### Data segment:
======

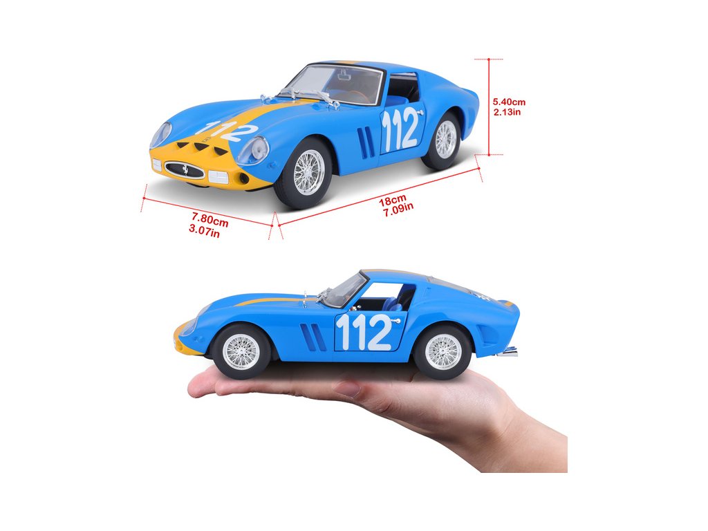 Kovový model auta 1:24 Bburago 18-26581 Ferrari GTO 250 nejen pro sběratele. Model je ve špičkové kvalitě. Barva modelu je modrá a je přibližně 18 cm velký. V provedení KIT.
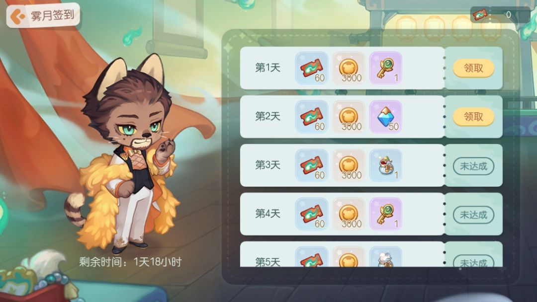 活动介绍:雾月剧团的演出即将开始,请各位奥比提前入场,进行签到检票。每日前往活动签到可获得主题活动奖励,活动期间内完成每日签到,可以获得「雾月票根」、「晶钻」、「时空之钥」、「晶钻服装彩蛋锤」、稀有头像框「妖火弥漫」、称号「大王叫我来巡山」等奖励哦!
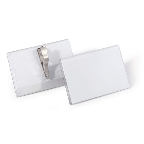 Durable Crocodile Clip Name Tag ID Badge Holders + Inserts - 25 Pack - 54 x 90mm

======

### Your assignment:
Set down the whole listing word for word, omitting the pictures.

### Solution for this problem:
 Kovový model auta 1:24 Bburago 18-26581 Ferrari GTO 250 nejen pro sběratele. Model je ve špičkové kvalitě. Barva modelu je modrá a je přibližně 18 cm velký. V provedení KIT.
 活动介绍:雾月剧团的演出即将开始,请各位奥比提前入场,进行签到检票。每日前往活动签到可获得主题活动奖励,活动期间内完成每日签到,可以获得「雾月票根」、「晶钻」、「时空之钥」、「晶钻服装彩蛋锤」、稀有头像框「妖火弥漫」、称号「大王叫我来巡山」等奖励哦!
 Durable Crocodile Clip Name Tag ID Badge Holders + Inserts - 25 Pack - 54 x 90mm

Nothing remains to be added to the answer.